## WHAT YOU WILL DO
What follows is a set of records. Copy them exactly and leave out the images.

## Dataset items

___

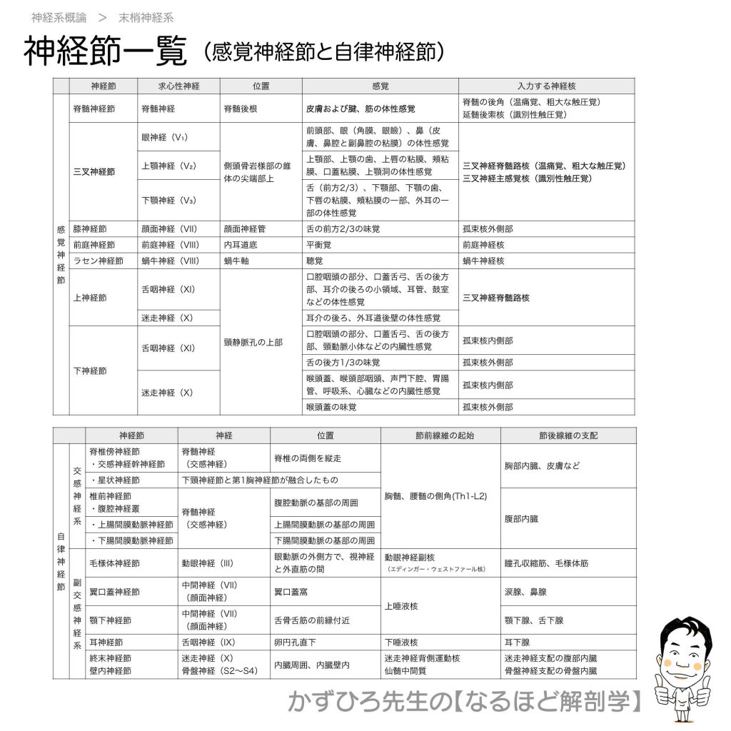 神経節一覧(感覚神経節と自律神経節)
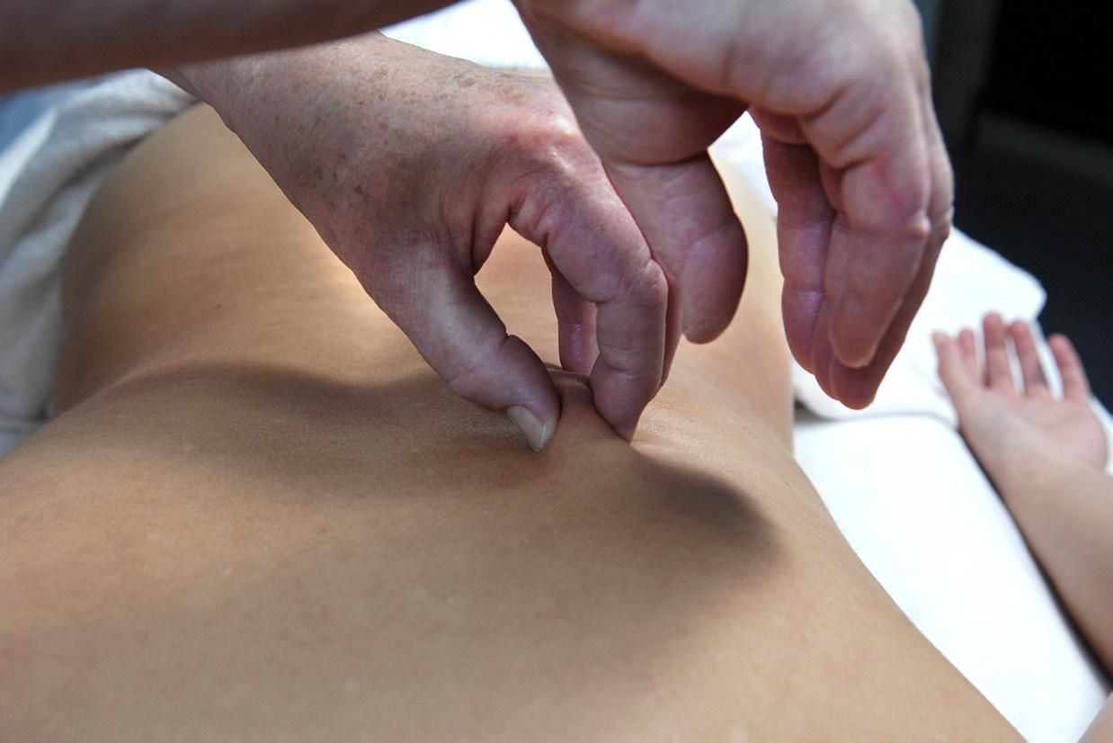 Stap 25: Glijd vervolgens via de schoudertoppen richting Long 5 en geef ook hier druk. Glijd terug naar de nek, strek het hoofd en glijd weer terug richting Long 5. Deze stap voer je drie keer uit. Vervolgens strijk je af.
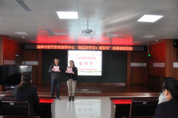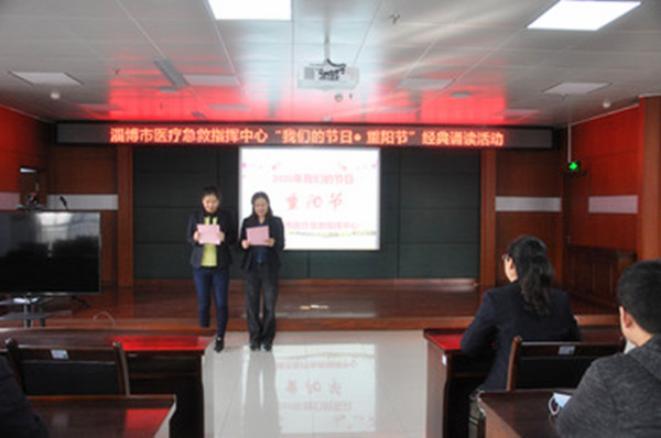 【李文凤 讯】重阳节前夕,为大力培育和践行社会主义核心价值观,弘扬中华民族敬老、爱老、助老的传统美德,10月21日下午,淄博市医疗急救指挥中心开展了“我们的节日·重阳节”经典诵读活动,用实际行动继承和弘扬中华民族优秀传统。
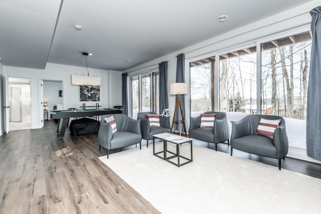 This newly constructed luxurious 4 bedroom lodge is the ideal location for a Tremblant getaway. The property is located in a private domain just 15 minutes from the Tremblant resort and close to many activities near by.
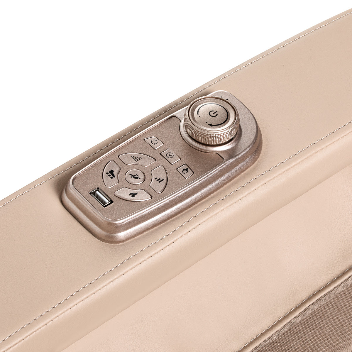 Dar didesniam patogumui, krėslas turi įmontuotus valdymo mygtukus kairiajame porankyje. Šis patogus valdymo pultas suteikia greitą prieigą prie svarbiausių funkcijų, nereikia ieškoti pagrindinio pulto. Juo galima lengvai pakeisti masažo režimą, įjungti pėdų masažą arba „Zero Gravity“ funkciją – viskas sukurta maksimaliam komfortui ir palaimingam atsipalaidavimui. Be to, krėslas turi USB jungtį, leidžiančią įkrauti telefoną masažo metu.
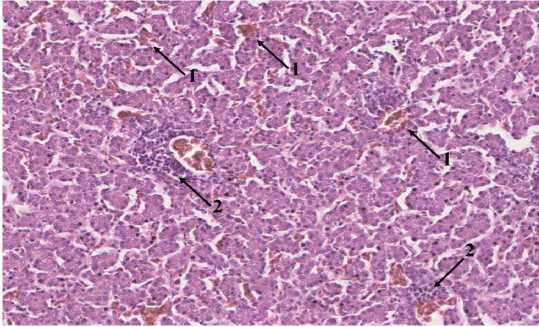 Рисунок 5 — Паренхима печени 14-суточного цыплёнка-бройлера из группы 4 (энрофлоксацин + пробиотик); умеренное полнокровие синусоид: 1 – небольшие скопления эритроцитов в синусоидах; 2 - очаги экстрамедуллярного кроветворения. Гематоксилин+эозин, ^100
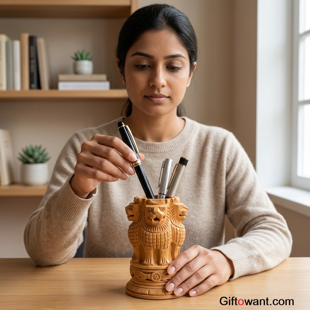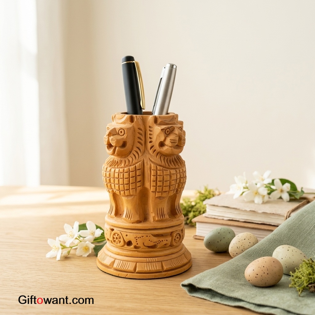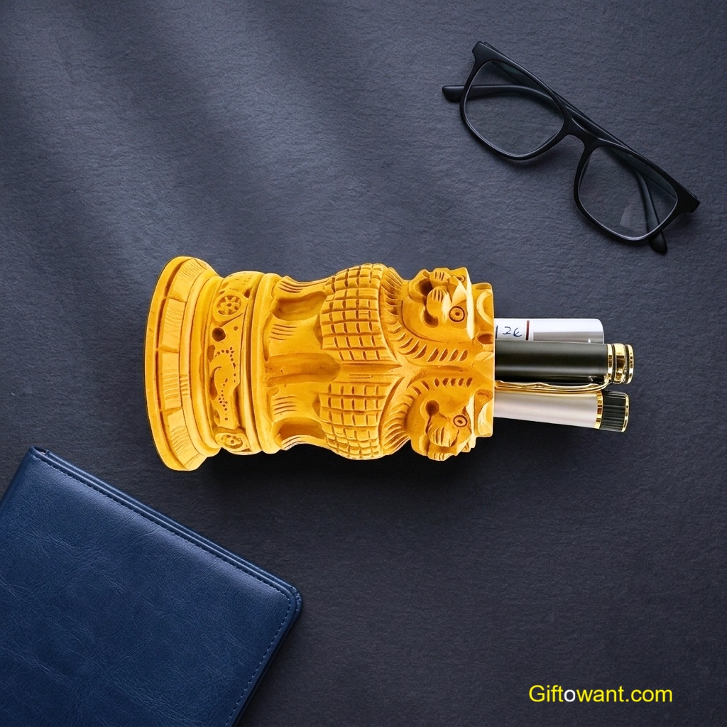 Enhance your desk with the Handcrafted Ashoka Pillar Pen Holder, a symbol of India’s rich legacy. Carved from sustainable wood with iconic lion figures and intricate details, it organizes pens and embodies pride. Perfect for corporate gifts or home décor, its eco-friendly build ensures lasting elegance. Order now on Giftowant.com!
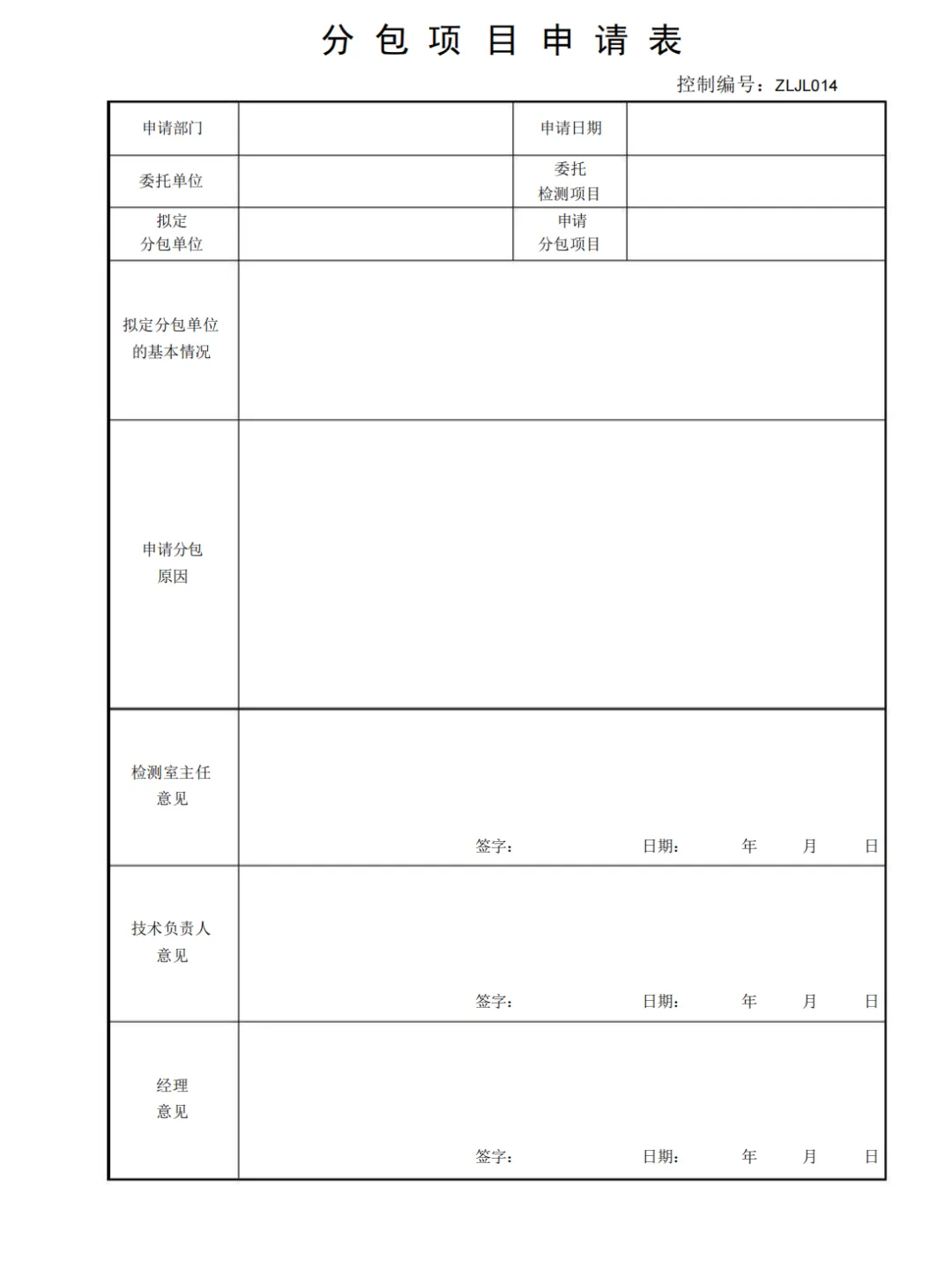 分包项目申请表

___

## WRITTEN SOLUTION
 神経節一覧(感覚神経節と自律神経節)
 Stap 25: Glijd vervolgens via de schoudertoppen richting Long 5 en geef ook hier druk. Glijd terug naar de nek, strek het hoofd en glijd weer terug richting Long 5. Deze stap voer je drie keer uit. Vervolgens strijk je af.
 【李文凤 讯】重阳节前夕,为大力培育和践行社会主义核心价值观,弘扬中华民族敬老、爱老、助老的传统美德,10月21日下午,淄博市医疗急救指挥中心开展了“我们的节日·重阳节”经典诵读活动,用实际行动继承和弘扬中华民族优秀传统。
 This newly constructed luxurious 4 bedroom lodge is the ideal location for a Tremblant getaway. The property is located in a private domain just 15 minutes from the Tremblant resort and close to many activities near by.
 Dar didesniam patogumui, krėslas turi įmontuotus valdymo mygtukus kairiajame porankyje. Šis patogus valdymo pultas suteikia greitą prieigą prie svarbiausių funkcijų, nereikia ieškoti pagrindinio pulto. Juo galima lengvai pakeisti masažo režimą, įjungti pėdų masažą arba „Zero Gravity“ funkciją – viskas sukurta maksimaliam komfortui ir palaimingam atsipalaidavimui. Be to, krėslas turi USB jungtį, leidžiančią įkrauti telefoną masažo metu.
 Рисунок 5 — Паренхима печени 14-суточного цыплёнка-бройлера из группы 4 (энрофлоксацин + пробиотик); умеренное полнокровие синусоид: 1 – небольшие скопления эритроцитов в синусоидах; 2 - очаги экстрамедуллярного кроветворения. Гематоксилин+эозин, ^100
 Enhance your desk with the Handcrafted Ashoka Pillar Pen Holder, a symbol of India’s rich legacy. Carved from sustainable wood with iconic lion figures and intricate details, it organizes pens and embodies pride. Perfect for corporate gifts or home décor, its eco-friendly build ensures lasting elegance. Order now on Giftowant.com!
 分包项目申请表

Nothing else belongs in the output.